======== DATASET SECTION ========
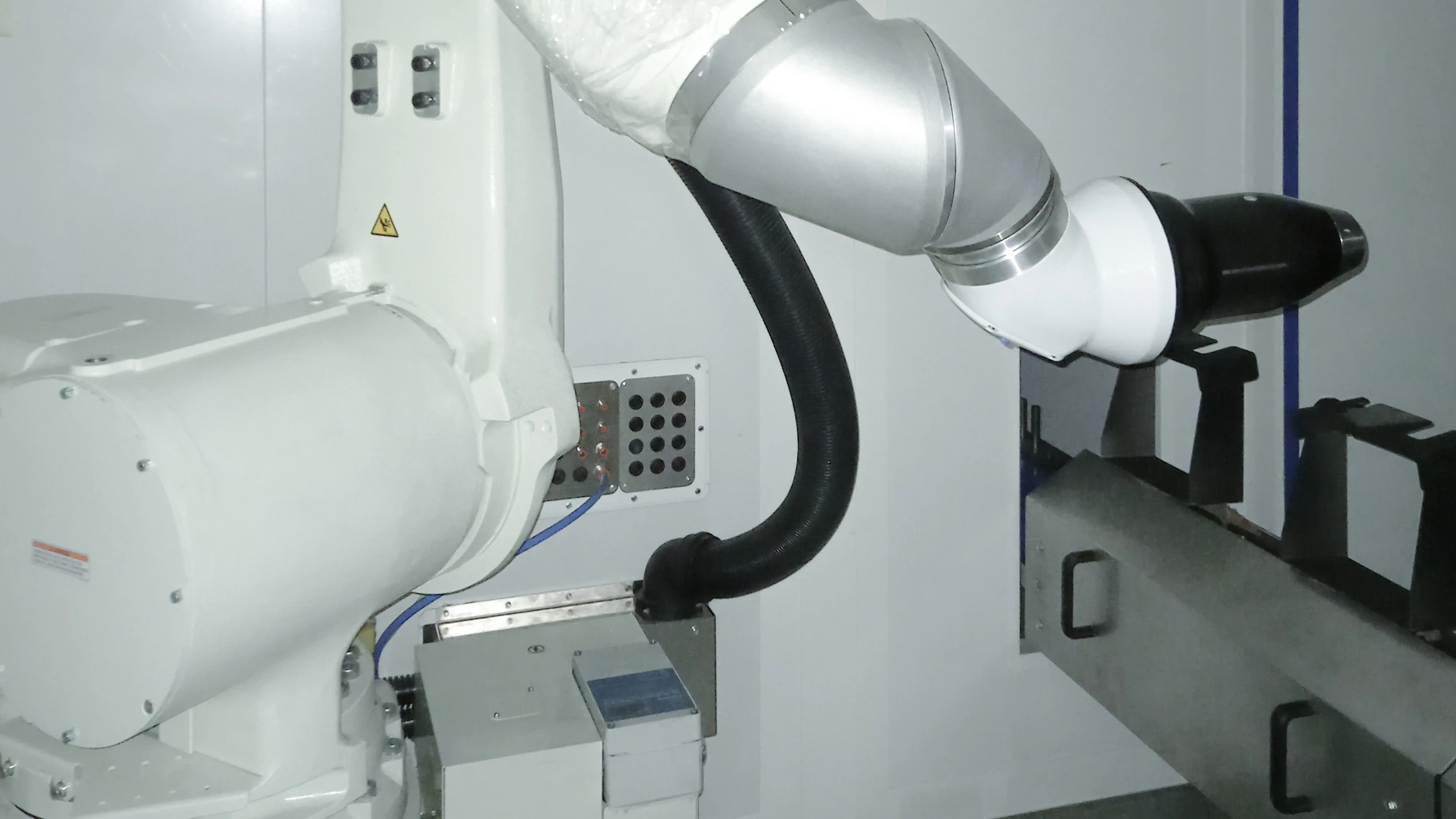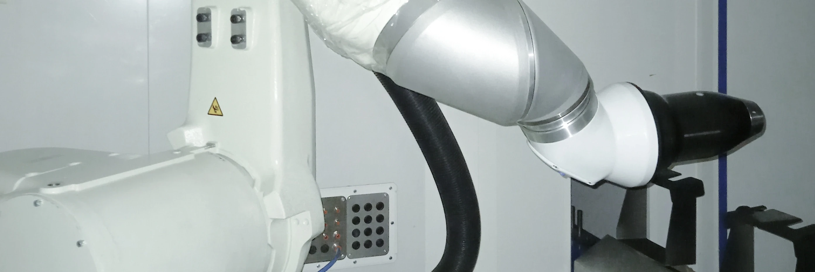 In the future, an EcoBell rotary atomizer mounted on a Kawasaki robot will paint plastic interiors for electric vehicles. With an EcoPump AD package, a fluid board, a two-component mixing and dosing system, and the EcoBell high-speed rotary atomizer without high tension, Dürr is supplying the full range of equipment from paint distribution to application for the new paint shop.
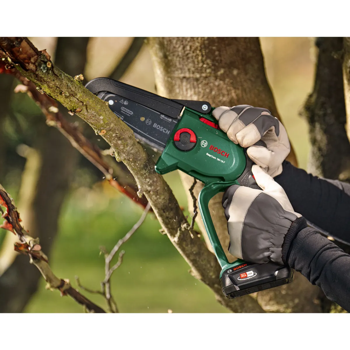 Die kabellose EasyChain 18V-15-7 schneidet kraftvoll und schnell durch dickere Äste. Diese Säge lässt sich dank des werkzeuglosen SDS-Systems mühelos einsatzbereit machen und liefert eine hohe Schnittgeschwindigkeit von 6,95 m/s, während eine hochwertige Sägekette von Oregon durch Holz bis 13 cm Durchmesser schneidet. Das kompakte, gut ausbalancierte Design und Handgriffe mit Softgrip ermöglichen müheloses Arbeiten. Erledige alle Ausastungs- und Sägearbeiten in kürzester Zeit mit beeindruckenden 160 Schnitten pro Akkuladung*. (* mit 2,5-Ah-Akku) Die integrierte Bosch Syneon Technology sorgt für optimale Leistung und maximale Laufzeit. Das Gerät ist Teil des 18V POWER FOR ALL-Systems. Ein einziger Akku kann für alle 18V POWER FOR ALL-Werkzeuge verwendet werden.
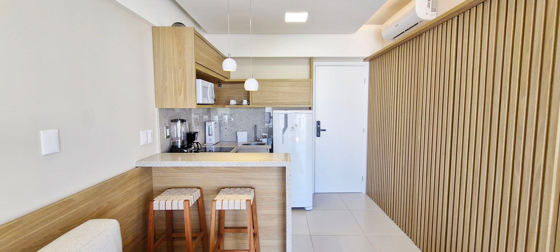 Aire acondicionado split en salón y dormitorio. Suite con cama casal, amplio balcón, salón con sofá cama doble, smart TV, WI-FI, cocina. Edificio con piscina y gimnasio en la azotea. Dispone de garaje rotatorio, lavandería (se paga directamente en la app) y recepción 24h
========
WHAT YOU SHOULD DO - Reproduce the material word for word, but without its images.

SOLUTION -
 In the future, an EcoBell rotary atomizer mounted on a Kawasaki robot will paint plastic interiors for electric vehicles. With an EcoPump AD package, a fluid board, a two-component mixing and dosing system, and the EcoBell high-speed rotary atomizer without high tension, Dürr is supplying the full range of equipment from paint distribution to application for the new paint shop.
 Die kabellose EasyChain 18V-15-7 schneidet kraftvoll und schnell durch dickere Äste. Diese Säge lässt sich dank des werkzeuglosen SDS-Systems mühelos einsatzbereit machen und liefert eine hohe Schnittgeschwindigkeit von 6,95 m/s, während eine hochwertige Sägekette von Oregon durch Holz bis 13 cm Durchmesser schneidet. Das kompakte, gut ausbalancierte Design und Handgriffe mit Softgrip ermöglichen müheloses Arbeiten. Erledige alle Ausastungs- und Sägearbeiten in kürzester Zeit mit beeindruckenden 160 Schnitten pro Akkuladung*. (* mit 2,5-Ah-Akku) Die integrierte Bosch Syneon Technology sorgt für optimale Leistung und maximale Laufzeit. Das Gerät ist Teil des 18V POWER FOR ALL-Systems. Ein einziger Akku kann für alle 18V POWER FOR ALL-Werkzeuge verwendet werden.
 Aire acondicionado split en salón y dormitorio. Suite con cama casal, amplio balcón, salón con sofá cama doble, smart TV, WI-FI, cocina. Edificio con piscina y gimnasio en la azotea. Dispone de garaje rotatorio, lavandería (se paga directamente en la app) y recepción 24h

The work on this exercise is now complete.